# Motor City Detroit Casino



## JRE313

Not really sure about this one. Tell me what you think


----------



## vipgraphx

Honest opinion would be that the image is not horrible but its not fabulous. Its just ok. I think if you would have walked to the right more you would have gotten a better shot. There is that leaning building on the left but nothing on the right to balance it out. Defiantly would have done some lens distortion correction on this photo as that building looks like its going to fall over into the bigger building. The street is lacking detail, looks like you used noise reduction software again and hit it everywhere. Yeah I don't know about this one either..

Maybe it would be better if you gave it another shot processing it and if you need to use noise reduction software create a layer mask so you can hit where you need it. I am assuming which I hate to to that there was a lot of noise/grain in the sky from the looks of the brightness of the image. If so you could remove it and correct it with a mask layer on one of your dark exposures.

happy shooting


----------



## mjhoward

I like it.  Nice exposure, good color, and a pretty nice composition IMO.  Only major problem I see is I can tell were you PP'd something in the sky on the right.  Looks like you took a black brush to it where the sky isn't quite black.  I'd fix that.


----------



## TCampbell

Are you kidding?  Two more steps to the right and he'd have been mugged!  This IS Detroit, after all.  layball:

Ok, I can pick on Detroit since I live here.  The rest of you are only allowed to say nice things.

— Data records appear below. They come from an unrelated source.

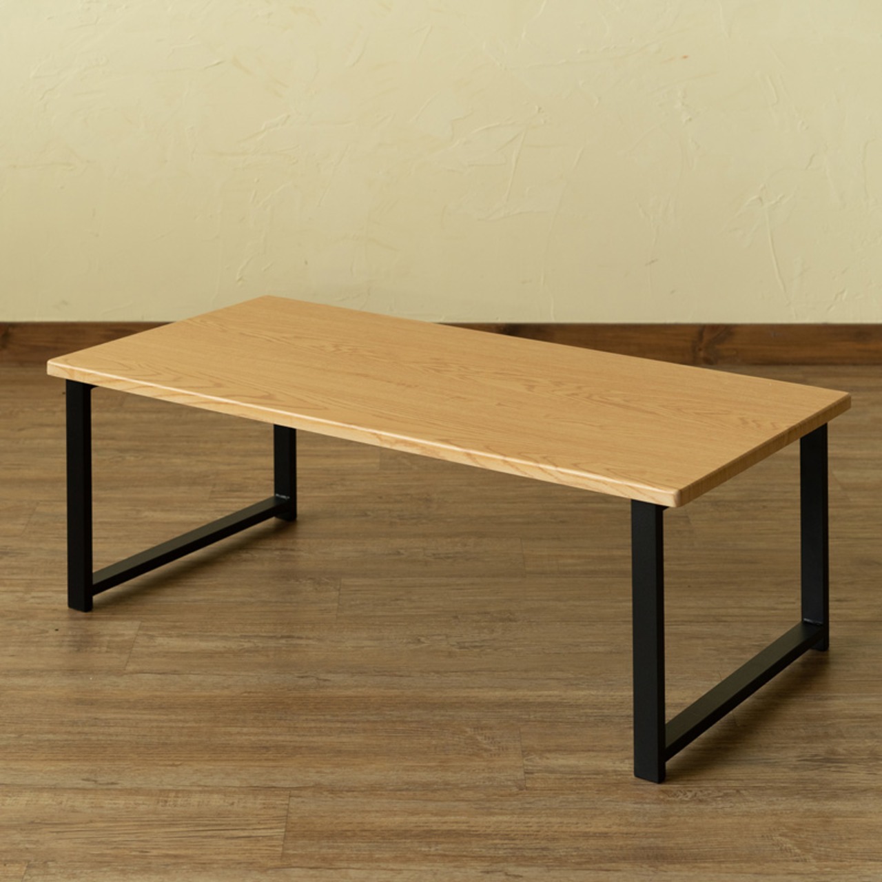 木目調の天板とスチール脚のテーブルです
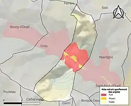 La commune est vulnérable au risque de mouvements de terrains constitué principalement du retrait-gonflement des sols argileux[28]. Cet aléa est susceptible d'engendrer des dommages importants aux bâtiments en cas d’alternance de périodes de sécheresse et de pluie. 20,5 % de la superficie communale est en aléa moyen ou fort (88,8 % au niveau départemental et 48,5 % au niveau national). Sur les 19 bâtiments dénombrés sur la commune en 2019, 19 sont en aléa moyen ou fort, soit 100 %, à comparer aux 98 % au niveau départemental et 54 % au niveau national. Une cartographie de l'exposition du territoire national au retrait gonflement des sols argileux est disponible sur le site du BRGM[29],[Carte 4].
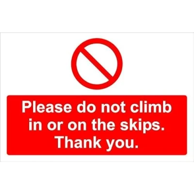 Please do not climb in or on the skips, prohibition sign Self adhesive sticker (400mm x 300mm)
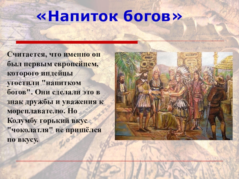 «Напиток богов»Считается, что именно он был первым европейцем, которого индейцы угостили
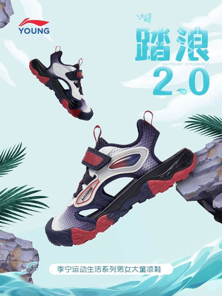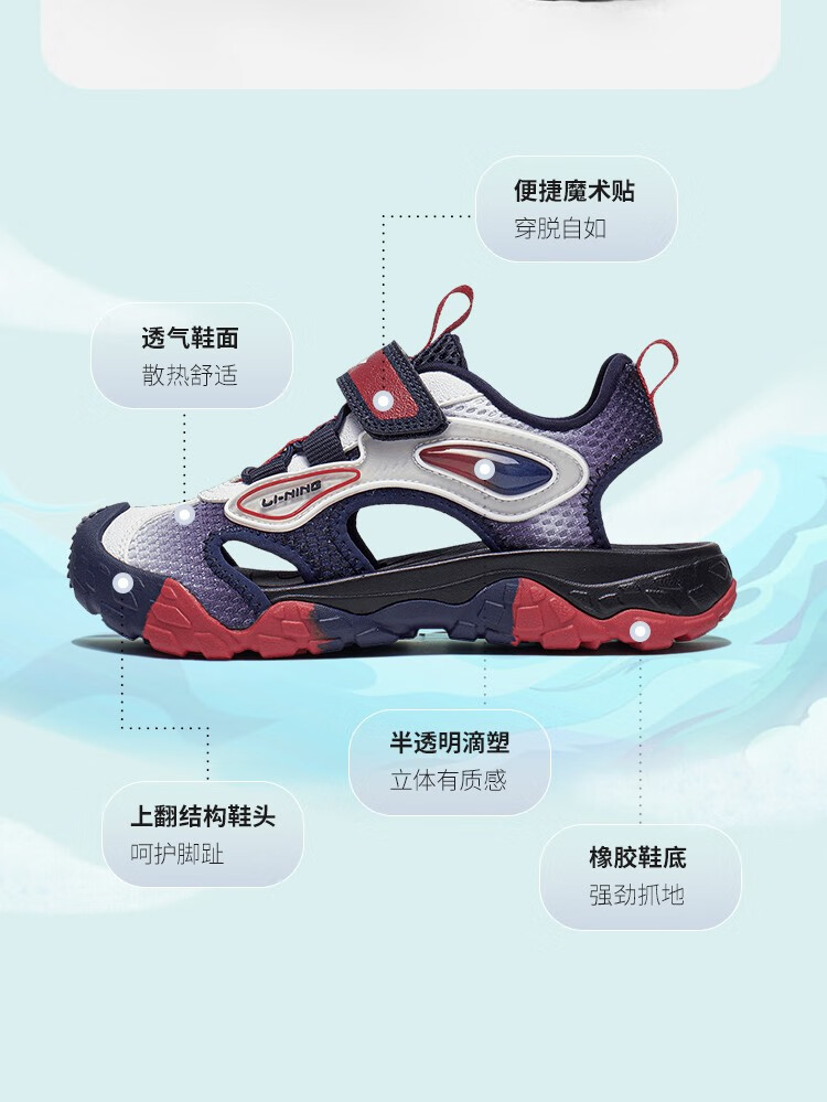 【33/34断码】李宁踏浪 2.0丨童鞋凉鞋男大童23新款运动生活系列儿童运动鞋YKUT006【库存有限,如无货将做退款,介意慎拍!】
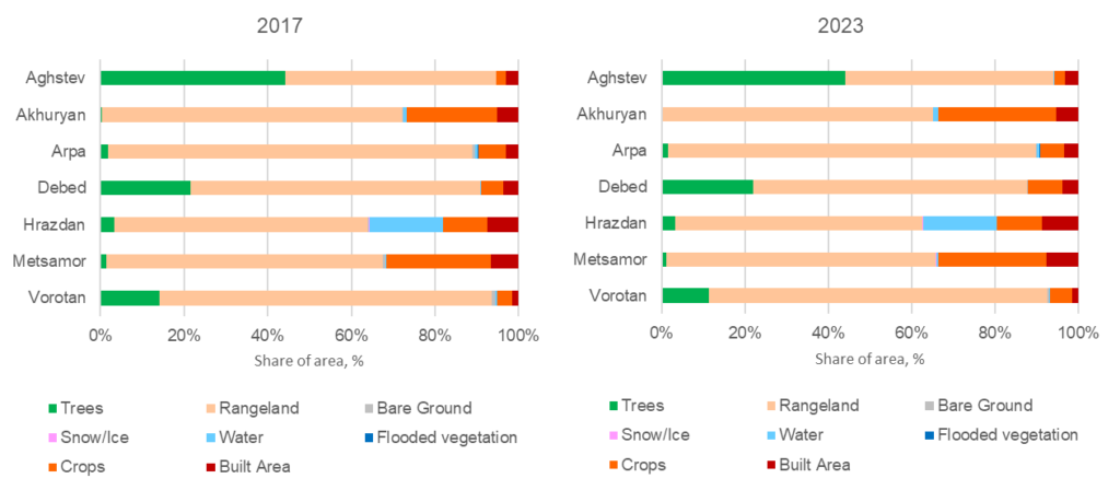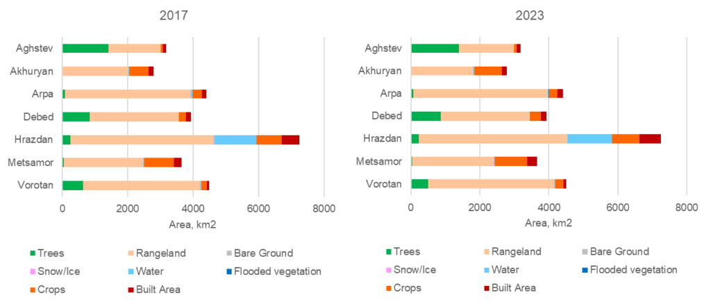Land cover class extent accounting was also carried out for the large watersheds, since one of the key purposes of ecosystem accounting is to assess water-regulating ecosystem services, which are modeled at the watershed level. Since in Armenia watershed boundaries largely coincide with marz boundaries (the Hrazdan, Metsamor, and Arpa watersheds each include two marzes), the pattern of land cover class area distribution and its changes from 2017 to 2023 mirrors the pattern identified at the marz level.

The building on the left edge of the frame is actually part of the casino... but there is that street light (and power line) in the way... and I agree, it's a bit of a distraction and not really offering much to the photo... chop it out.

The building is leaning back a bit.  A transform tool would fix that easily enough.


----------



## Joel_W

If that's Detroit, where are all the people?


----------



## Syco

Looks like Detroit has changed from the town I grew up in.


----------